Core Concepts
This chapter provides a comprehensive overview of the theoretical foundations and key concepts underlying GeneExpressionProgramming.jl. Understanding these concepts will help you make informed decisions about parameter settings, interpret results effectively, and apply the package to complex real-world problems.
Gene Expression Programming Fundamentals
Historical Context and Evolution
Gene Expression Programming (GEP) was introduced by Cândida Ferreira in 2001 as an evolutionary algorithm that combines the advantages of both genetic algorithms and genetic programming [1]. GEP addresses several limitations of traditional genetic programming, particularly the issues of closure and structural complexity that can hinder the evolution of mathematical expressions.
The key innovation of GEP lies in its unique representation scheme that separates the genotype (linear chromosome) from the phenotype (expression tree). This separation allows for more efficient genetic operations while maintaining the expressiveness needed for symbolic regression tasks.
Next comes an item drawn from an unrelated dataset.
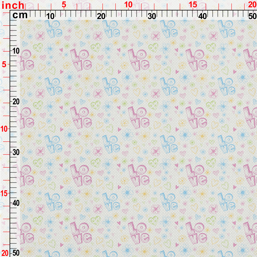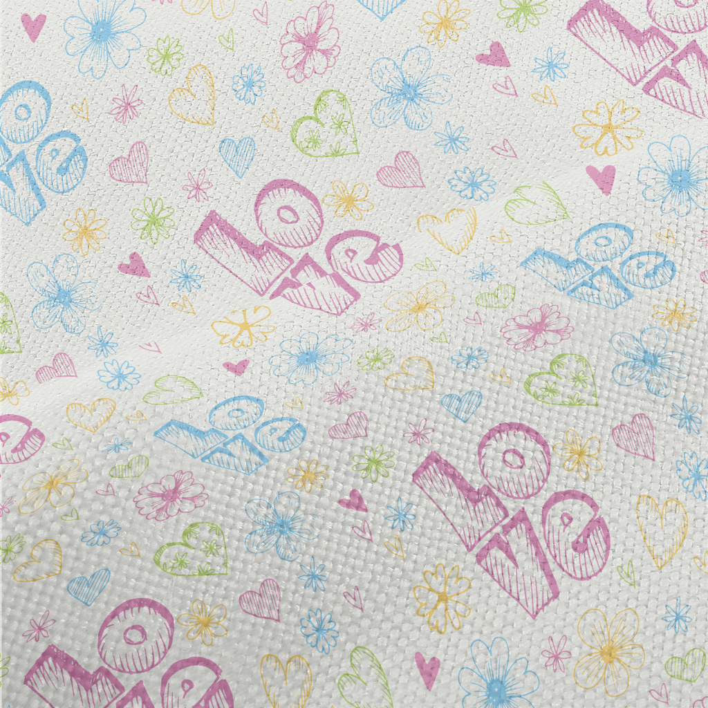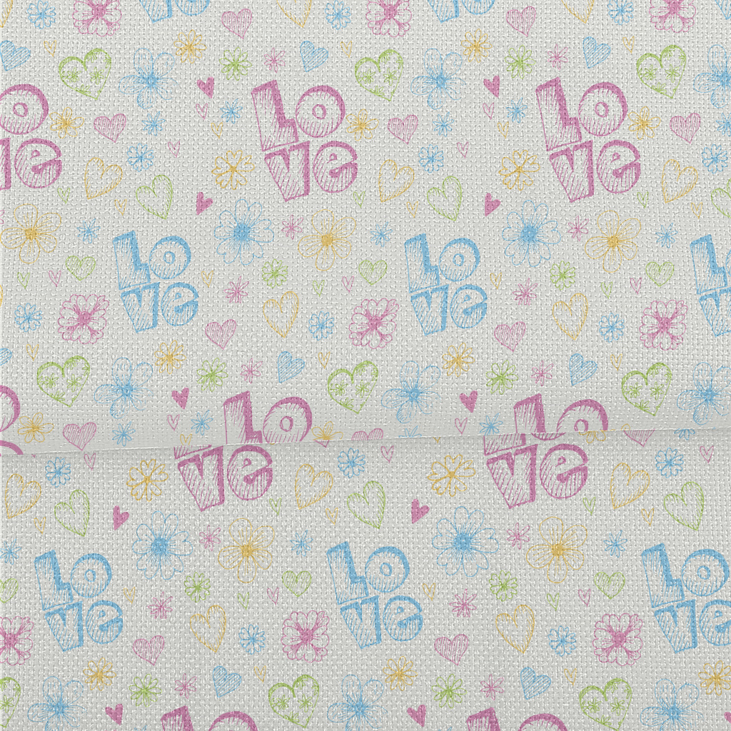 愛情英文與愛心花朵麻布(幅寬150公分)

Unlike genetic programming, which directly manipulates tree structures, GEP operates on fixed-length linear chromosomes that are then translated into expression trees of varying sizes and shapes.
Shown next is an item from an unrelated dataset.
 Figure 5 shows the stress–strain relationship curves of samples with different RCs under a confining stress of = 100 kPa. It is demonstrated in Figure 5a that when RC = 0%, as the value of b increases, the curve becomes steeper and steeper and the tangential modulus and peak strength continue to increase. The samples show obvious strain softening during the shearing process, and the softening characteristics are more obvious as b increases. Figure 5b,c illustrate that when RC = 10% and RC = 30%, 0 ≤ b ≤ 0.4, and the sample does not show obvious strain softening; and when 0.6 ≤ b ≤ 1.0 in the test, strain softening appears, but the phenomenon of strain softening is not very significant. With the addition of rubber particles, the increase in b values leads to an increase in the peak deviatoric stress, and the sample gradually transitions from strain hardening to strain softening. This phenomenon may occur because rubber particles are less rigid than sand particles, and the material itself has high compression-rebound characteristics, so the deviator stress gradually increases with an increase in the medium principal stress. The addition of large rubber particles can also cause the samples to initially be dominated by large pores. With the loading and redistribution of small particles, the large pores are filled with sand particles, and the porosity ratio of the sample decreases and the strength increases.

Genotype-Phenotype Mapping
The fundamental concept in GEP is the translation from linear chromosomes (genotype) to expression trees (phenotype). This process involves several key components:
Chromosomes: In GEP, a chromosome consists of one or more genes, each representing a sub-expression. Each gene has a fixed length and is divided into a head and a tail. The head can contain both functions and terminals, while the tail contains only terminals.
Head and Tail Structure: The head length (h) determines the maximum complexity of the expression, while the tail length is calculated as t = h × (n-1) + 1, where n is the maximum arity of the functions in the function set. This ensures that any expression can be properly formed regardless of the arrangement of functions and terminals.
Translation Process: The linear chromosome is read from left to right, and the expression tree is constructed using a breadth-first approach. Functions require operands according to their arity, and the translation continues until all function nodes have been satisfied.
Expression Trees and Evaluation
Once translated from the linear chromosome, the expression tree represents the mathematical formula that will be evaluated. The tree structure follows standard mathematical conventions:
- Internal nodes represent functions (operators)
- Leaf nodes represent terminals (variables or constants)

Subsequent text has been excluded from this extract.